● Try it
Quote the listing in full, exactly as given, minus any pictures.

[Data extract]

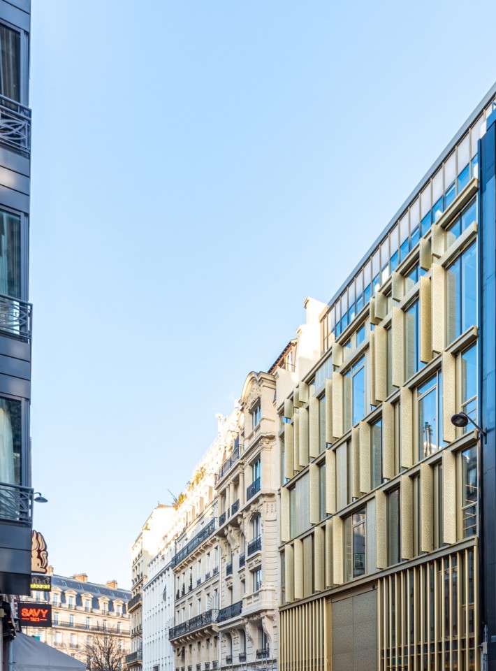 On the street, a new perforated brass facade will affirm real modernity and identity of the building complex while marking the link with the historic facade.
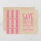 Bordure Art déco élégante et raffinée Enregistrer la date Carte postale avec une bordure motif magenta déco sur un arrière - plan de texture de papier faux. Cette carte postale de date est un choix idéal pour annoncer votre mariage moderne. Facile à customiser, il suffit d'ajouter les détails de votre mariage dans les champs de texte fournis. Cliquez sur "Customiser" pour trouver d'autres options de personnalisation.
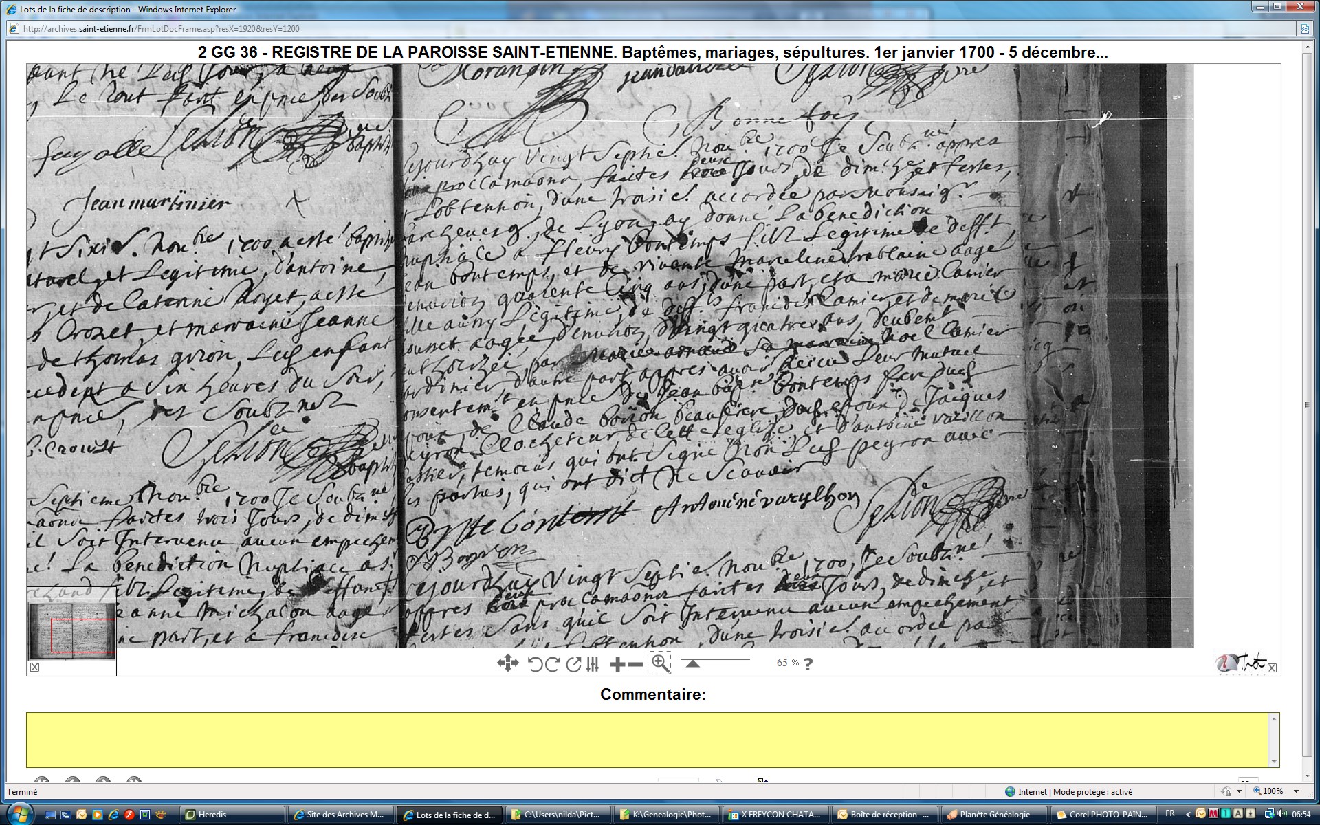 Mariage : 10 avril 1701 à Saint-Étienne 42100

[/Data extract]

● Written solution
 On the street, a new perforated brass facade will affirm real modernity and identity of the building complex while marking the link with the historic facade.
 Bordure Art déco élégante et raffinée Enregistrer la date Carte postale avec une bordure motif magenta déco sur un arrière - plan de texture de papier faux. Cette carte postale de date est un choix idéal pour annoncer votre mariage moderne. Facile à customiser, il suffit d'ajouter les détails de votre mariage dans les champs de texte fournis. Cliquez sur "Customiser" pour trouver d'autres options de personnalisation.
 Mariage : 10 avril 1701 à Saint-Étienne 42100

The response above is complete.